> _Records for the task_

==========

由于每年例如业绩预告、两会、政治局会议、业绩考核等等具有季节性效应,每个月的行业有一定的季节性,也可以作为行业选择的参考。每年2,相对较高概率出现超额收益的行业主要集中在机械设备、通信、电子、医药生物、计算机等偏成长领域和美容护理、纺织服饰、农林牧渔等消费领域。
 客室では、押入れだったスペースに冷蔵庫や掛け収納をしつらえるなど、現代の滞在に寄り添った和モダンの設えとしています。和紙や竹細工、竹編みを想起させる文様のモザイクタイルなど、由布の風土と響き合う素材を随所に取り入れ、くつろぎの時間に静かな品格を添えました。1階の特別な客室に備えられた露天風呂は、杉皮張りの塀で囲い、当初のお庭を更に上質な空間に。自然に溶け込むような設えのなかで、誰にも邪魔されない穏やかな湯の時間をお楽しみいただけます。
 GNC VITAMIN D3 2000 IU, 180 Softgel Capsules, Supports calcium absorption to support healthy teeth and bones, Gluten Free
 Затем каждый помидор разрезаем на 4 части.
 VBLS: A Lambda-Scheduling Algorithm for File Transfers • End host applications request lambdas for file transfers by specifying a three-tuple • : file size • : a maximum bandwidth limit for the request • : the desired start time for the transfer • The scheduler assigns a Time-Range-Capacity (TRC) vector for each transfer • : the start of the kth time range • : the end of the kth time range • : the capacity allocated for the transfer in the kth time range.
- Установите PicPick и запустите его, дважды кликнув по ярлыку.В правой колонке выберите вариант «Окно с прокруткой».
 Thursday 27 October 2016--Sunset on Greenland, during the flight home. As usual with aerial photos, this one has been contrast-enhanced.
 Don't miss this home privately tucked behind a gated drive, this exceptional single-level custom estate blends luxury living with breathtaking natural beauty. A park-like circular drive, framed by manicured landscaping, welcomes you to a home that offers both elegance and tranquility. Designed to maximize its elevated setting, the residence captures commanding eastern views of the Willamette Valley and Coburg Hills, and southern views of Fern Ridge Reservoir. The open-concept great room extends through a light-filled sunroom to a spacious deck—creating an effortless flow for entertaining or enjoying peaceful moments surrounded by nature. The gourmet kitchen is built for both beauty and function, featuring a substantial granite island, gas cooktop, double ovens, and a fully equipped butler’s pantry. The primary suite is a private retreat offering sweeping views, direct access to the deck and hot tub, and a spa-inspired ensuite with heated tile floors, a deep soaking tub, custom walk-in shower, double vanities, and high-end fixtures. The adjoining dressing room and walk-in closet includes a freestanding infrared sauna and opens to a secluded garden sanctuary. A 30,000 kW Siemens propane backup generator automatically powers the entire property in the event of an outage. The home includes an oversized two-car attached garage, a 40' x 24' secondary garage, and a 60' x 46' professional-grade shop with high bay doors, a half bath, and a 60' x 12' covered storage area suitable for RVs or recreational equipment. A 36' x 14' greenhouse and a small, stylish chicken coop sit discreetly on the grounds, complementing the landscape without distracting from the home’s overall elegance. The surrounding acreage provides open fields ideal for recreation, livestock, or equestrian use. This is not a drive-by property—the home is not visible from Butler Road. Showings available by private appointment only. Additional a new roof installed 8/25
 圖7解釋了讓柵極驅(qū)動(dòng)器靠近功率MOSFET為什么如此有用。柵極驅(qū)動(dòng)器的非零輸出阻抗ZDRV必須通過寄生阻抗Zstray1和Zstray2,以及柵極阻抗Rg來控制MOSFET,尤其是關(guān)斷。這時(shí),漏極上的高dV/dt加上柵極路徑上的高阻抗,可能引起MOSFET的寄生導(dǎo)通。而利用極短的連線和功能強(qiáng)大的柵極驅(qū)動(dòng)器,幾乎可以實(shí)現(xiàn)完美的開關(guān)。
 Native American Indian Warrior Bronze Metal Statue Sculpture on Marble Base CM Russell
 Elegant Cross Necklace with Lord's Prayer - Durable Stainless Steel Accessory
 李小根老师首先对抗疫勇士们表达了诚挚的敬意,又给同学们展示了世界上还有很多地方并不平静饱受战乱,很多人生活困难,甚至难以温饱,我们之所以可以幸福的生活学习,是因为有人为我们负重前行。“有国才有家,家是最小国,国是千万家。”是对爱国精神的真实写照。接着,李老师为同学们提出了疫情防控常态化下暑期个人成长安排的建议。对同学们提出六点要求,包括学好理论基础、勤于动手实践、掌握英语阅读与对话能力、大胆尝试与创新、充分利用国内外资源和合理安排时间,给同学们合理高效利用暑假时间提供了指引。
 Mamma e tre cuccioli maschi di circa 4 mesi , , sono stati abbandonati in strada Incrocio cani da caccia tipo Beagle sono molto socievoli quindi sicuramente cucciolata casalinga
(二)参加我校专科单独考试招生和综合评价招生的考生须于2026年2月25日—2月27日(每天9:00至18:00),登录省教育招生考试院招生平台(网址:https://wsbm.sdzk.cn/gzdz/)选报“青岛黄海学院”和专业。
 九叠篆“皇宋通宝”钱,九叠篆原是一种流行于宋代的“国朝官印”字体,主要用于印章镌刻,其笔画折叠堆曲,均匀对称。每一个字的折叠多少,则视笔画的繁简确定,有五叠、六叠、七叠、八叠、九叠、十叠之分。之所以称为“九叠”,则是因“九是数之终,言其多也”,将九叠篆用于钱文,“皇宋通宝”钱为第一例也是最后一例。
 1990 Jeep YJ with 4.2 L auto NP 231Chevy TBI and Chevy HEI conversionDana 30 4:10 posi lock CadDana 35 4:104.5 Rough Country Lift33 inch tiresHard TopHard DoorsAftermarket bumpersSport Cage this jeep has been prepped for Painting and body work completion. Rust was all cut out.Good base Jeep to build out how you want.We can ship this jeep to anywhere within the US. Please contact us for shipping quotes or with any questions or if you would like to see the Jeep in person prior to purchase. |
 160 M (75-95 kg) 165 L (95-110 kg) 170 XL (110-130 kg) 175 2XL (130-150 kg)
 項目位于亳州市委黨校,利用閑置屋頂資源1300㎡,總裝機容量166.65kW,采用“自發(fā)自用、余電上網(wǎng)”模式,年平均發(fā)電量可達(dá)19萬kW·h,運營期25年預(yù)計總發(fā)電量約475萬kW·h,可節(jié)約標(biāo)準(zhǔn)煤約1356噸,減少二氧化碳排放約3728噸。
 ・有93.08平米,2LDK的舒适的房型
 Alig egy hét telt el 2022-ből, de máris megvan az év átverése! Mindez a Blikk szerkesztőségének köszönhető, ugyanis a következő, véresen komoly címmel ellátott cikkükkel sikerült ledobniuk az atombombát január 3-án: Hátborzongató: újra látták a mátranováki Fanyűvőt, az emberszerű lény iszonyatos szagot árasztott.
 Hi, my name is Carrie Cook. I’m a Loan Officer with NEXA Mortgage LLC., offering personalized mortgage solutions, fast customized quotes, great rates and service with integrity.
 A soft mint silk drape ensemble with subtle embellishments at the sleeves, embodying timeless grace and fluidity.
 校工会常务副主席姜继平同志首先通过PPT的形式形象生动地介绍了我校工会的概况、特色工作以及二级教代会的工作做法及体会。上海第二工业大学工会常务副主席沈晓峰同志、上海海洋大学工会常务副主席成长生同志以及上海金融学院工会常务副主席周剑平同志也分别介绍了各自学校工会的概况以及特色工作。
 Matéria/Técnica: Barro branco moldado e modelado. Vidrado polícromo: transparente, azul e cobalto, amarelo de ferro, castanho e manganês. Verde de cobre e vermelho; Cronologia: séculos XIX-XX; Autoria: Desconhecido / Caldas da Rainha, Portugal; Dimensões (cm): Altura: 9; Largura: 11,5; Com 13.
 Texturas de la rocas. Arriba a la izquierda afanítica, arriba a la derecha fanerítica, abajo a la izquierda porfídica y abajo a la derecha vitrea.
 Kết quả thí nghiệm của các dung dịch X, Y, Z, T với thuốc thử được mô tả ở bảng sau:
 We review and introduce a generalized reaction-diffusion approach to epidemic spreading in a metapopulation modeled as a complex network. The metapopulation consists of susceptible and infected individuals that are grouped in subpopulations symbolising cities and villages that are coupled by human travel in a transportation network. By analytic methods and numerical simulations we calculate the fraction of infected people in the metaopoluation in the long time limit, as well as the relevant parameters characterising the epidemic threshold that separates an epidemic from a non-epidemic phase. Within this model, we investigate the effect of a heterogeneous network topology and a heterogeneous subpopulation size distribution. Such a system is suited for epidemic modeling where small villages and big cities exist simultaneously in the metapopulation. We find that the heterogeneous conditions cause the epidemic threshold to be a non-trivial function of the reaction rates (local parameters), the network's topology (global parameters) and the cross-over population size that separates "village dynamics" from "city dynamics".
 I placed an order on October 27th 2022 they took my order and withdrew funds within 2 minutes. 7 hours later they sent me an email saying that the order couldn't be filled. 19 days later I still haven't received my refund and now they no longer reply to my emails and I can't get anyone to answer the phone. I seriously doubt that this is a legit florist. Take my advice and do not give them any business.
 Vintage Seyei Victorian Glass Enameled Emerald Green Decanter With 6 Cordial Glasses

==========

> _What you are asked to do_
Wherever the string "October" appears in the records above, copy the line it sits in.

> _Reply to the exercise_
 Thursday 27 October 2016--Sunset on Greenland, during the flight home. As usual with aerial photos, this one has been contrast-enhanced.
 I placed an order on October 27th 2022 they took my order and withdrew funds within 2 minutes. 7 hours later they sent me an email saying that the order couldn't be filled. 19 days later I still haven't received my refund and now they no longer reply to my emails and I can't get anyone to answer the phone. I seriously doubt that this is a legit florist. Take my advice and do not give them any business.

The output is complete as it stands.